> [Your assignment]:
All entries must be repeated exactly. No picture should appear in the result.

---------- Listed records

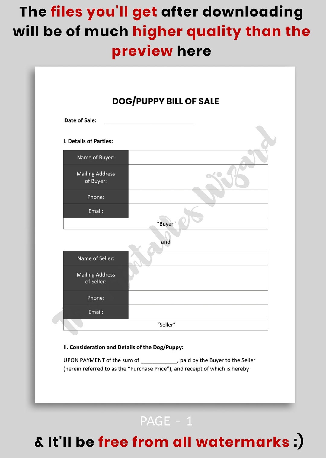Fillable Puppy Sales Contract Puppy Bill of Sale Editable Puppy
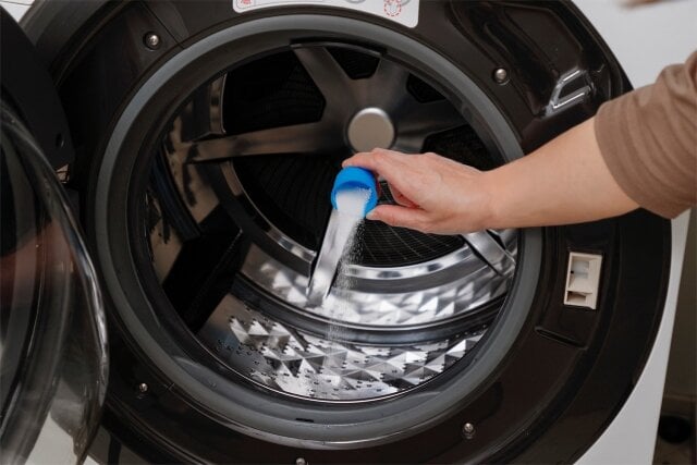 洗濯洗剤を使ういつもの洗濯にオキシクリーンを足すのが「オキシ足し」。洗濯槽に直接オキシクリーンを入れ、洗濯洗剤を分量分入れ、そして洗濯機に衣類を入れて通常の洗濯をすれば、オキシクリーンが漂白と消臭を行ってくれます。
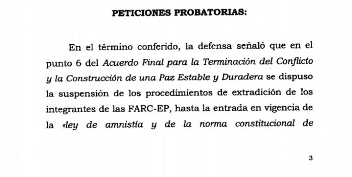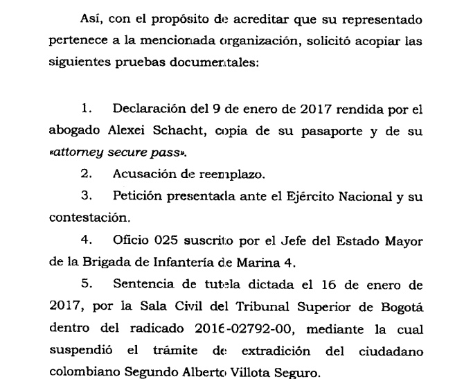 Rubén Durán Moreno. También tiene suspendida su extradición. Para mostrar que formaba parte de las FARC, anexó pruebas entre las que se encuentran el testimonio del abogado que lo pidió en extradición, Alexei Schacht.
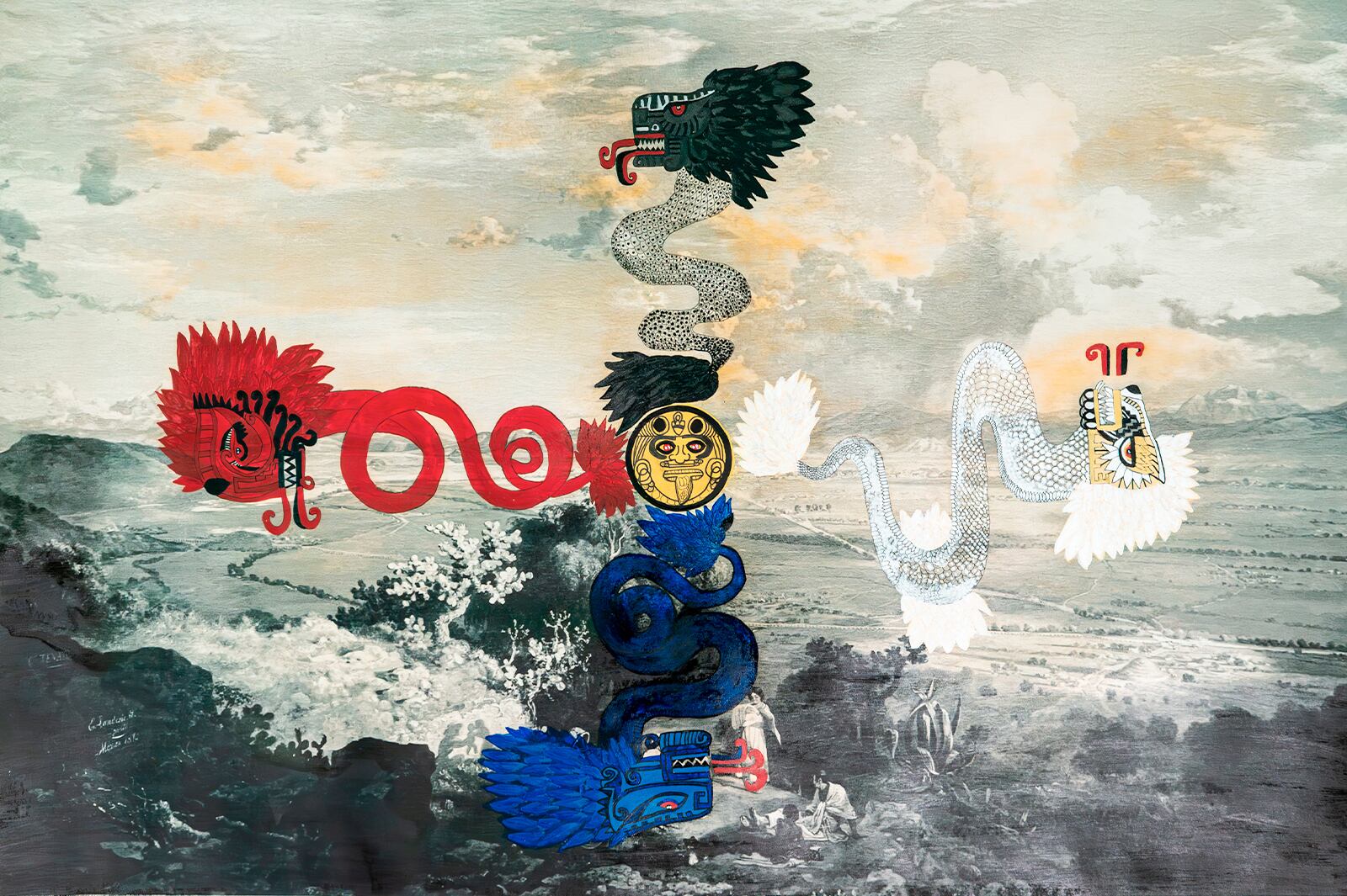 Las Migraciones II es una exploración visual de la cultura Mexica/Azteca, inspirada en el Códice Borbónico y la Tira de la Peregrinación.
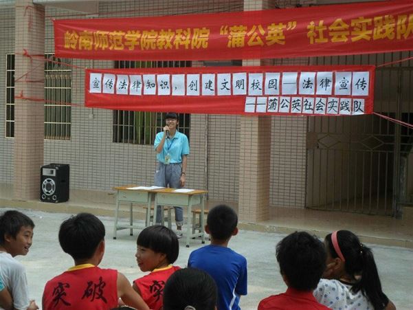7月13日,教科院蒲公英实践队队员于限口小学教学楼前为全体学生开展了一场维持40分钟的法律小讲堂。由于小学生法律意识薄弱,对法律的概念理解模糊、不了解如何运用法律来维护自己的权益和规制自己的不良行为,这就需要一节关于法制教育普及的课堂,为同学们讲解法律的相关知识,使他们做到不违反法律,并通过一些通俗易懂的实际行为案例为同学们讲解法律知识。
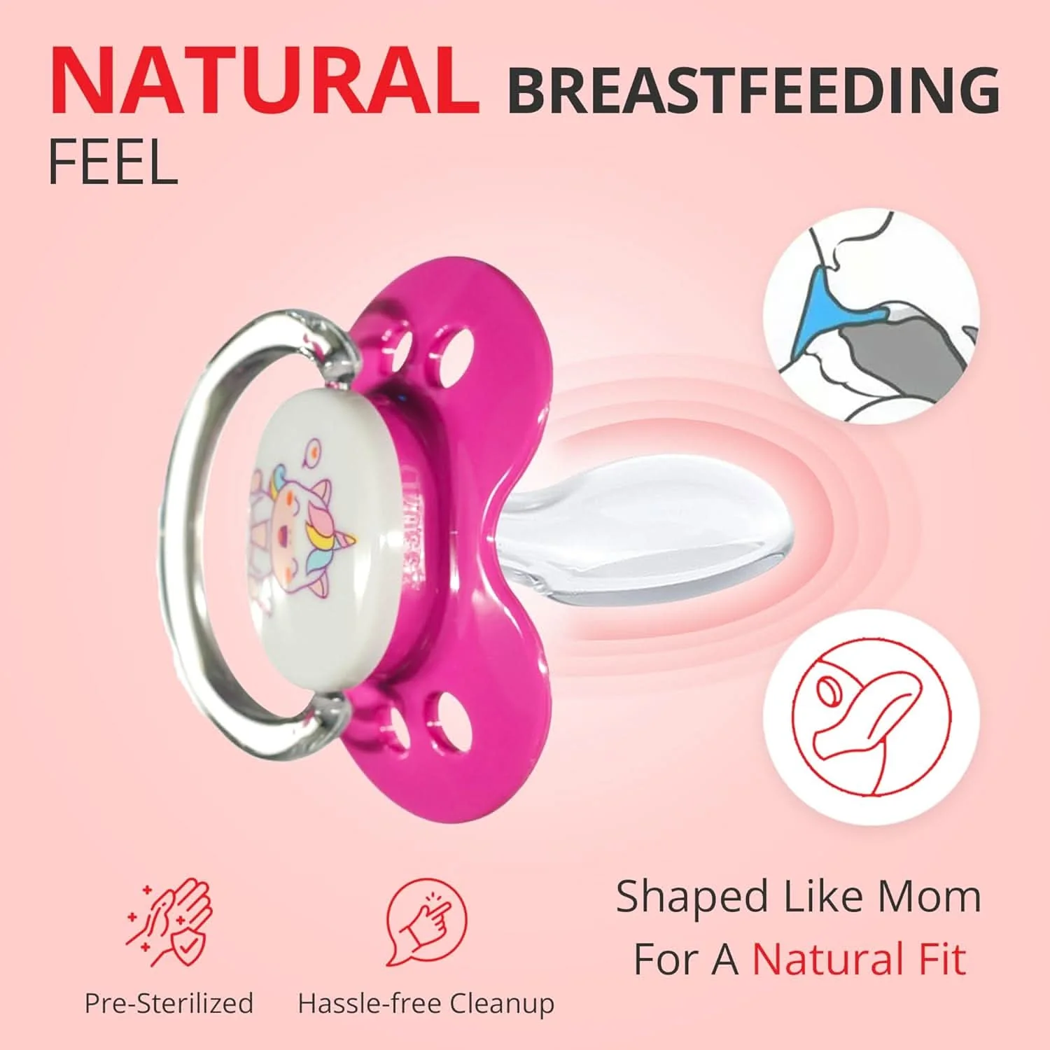 Binky Orthodontic Pacifier With Snap On Cover - Wild and Cuddly Series - Unicorn & Panda
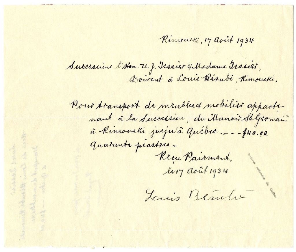 Reçu du paiement du déménagement et de l'entreposage des meubles, 17 août 1934, Archives nationales à Rimouski, Fonds Famille Tessier, (01R,P1,S7,P282).
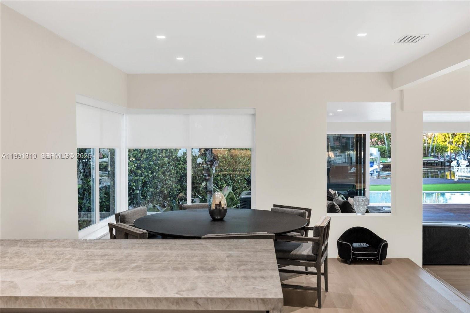 Waterfront retreat on secluded Biscaya Island in Surfside! This beautifully newly renovated residence, designed by renowned architect Gilbert Fein, offers prime waterfront with unobstructed access to the Intracoastal and open ocean—no fixed bridges. A rare opportunity for true boaters seeking both privacy and convenience. Designed for effortless indoor-outdoor living, the home features expansive open spaces filled with natural light, a sleek modern kitchen, and multiple living areas ideal for entertaining. Set within a very private and secure double-gated enclave, the home offers an unparalleled sense of exclusivity and peace of mind. The backyard is a private oasis, complete with a resort-style pool, oversized wood deck, lush landscaping, and tranquil water views. Dock your boat just steps from your home and enjoy the ultimate South Florida lifestyle. Minutes from Bal Harbour Shops, the beach, and world-class dining, this is one of the most unique waterfront offerings in the area.
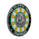 Zirkuläre Gestaltung eines Hirsches mit Geweih in einem friedlichen Wald, mit einem Ziel betont.

--------------------

> [Reply]:
Fillable Puppy Sales Contract Puppy Bill of Sale Editable Puppy
 洗濯洗剤を使ういつもの洗濯にオキシクリーンを足すのが「オキシ足し」。洗濯槽に直接オキシクリーンを入れ、洗濯洗剤を分量分入れ、そして洗濯機に衣類を入れて通常の洗濯をすれば、オキシクリーンが漂白と消臭を行ってくれます。
 Rubén Durán Moreno. También tiene suspendida su extradición. Para mostrar que formaba parte de las FARC, anexó pruebas entre las que se encuentran el testimonio del abogado que lo pidió en extradición, Alexei Schacht.
 Las Migraciones II es una exploración visual de la cultura Mexica/Azteca, inspirada en el Códice Borbónico y la Tira de la Peregrinación.
7月13日,教科院蒲公英实践队队员于限口小学教学楼前为全体学生开展了一场维持40分钟的法律小讲堂。由于小学生法律意识薄弱,对法律的概念理解模糊、不了解如何运用法律来维护自己的权益和规制自己的不良行为,这就需要一节关于法制教育普及的课堂,为同学们讲解法律的相关知识,使他们做到不违反法律,并通过一些通俗易懂的实际行为案例为同学们讲解法律知识。
 Binky Orthodontic Pacifier With Snap On Cover - Wild and Cuddly Series - Unicorn & Panda
 Reçu du paiement du déménagement et de l'entreposage des meubles, 17 août 1934, Archives nationales à Rimouski, Fonds Famille Tessier, (01R,P1,S7,P282).
 Waterfront retreat on secluded Biscaya Island in Surfside! This beautifully newly renovated residence, designed by renowned architect Gilbert Fein, offers prime waterfront with unobstructed access to the Intracoastal and open ocean—no fixed bridges. A rare opportunity for true boaters seeking both privacy and convenience. Designed for effortless indoor-outdoor living, the home features expansive open spaces filled with natural light, a sleek modern kitchen, and multiple living areas ideal for entertaining. Set within a very private and secure double-gated enclave, the home offers an unparalleled sense of exclusivity and peace of mind. The backyard is a private oasis, complete with a resort-style pool, oversized wood deck, lush landscaping, and tranquil water views. Dock your boat just steps from your home and enjoy the ultimate South Florida lifestyle. Minutes from Bal Harbour Shops, the beach, and world-class dining, this is one of the most unique waterfront offerings in the area.
 Zirkuläre Gestaltung eines Hirsches mit Geweih in einem friedlichen Wald, mit einem Ziel betont.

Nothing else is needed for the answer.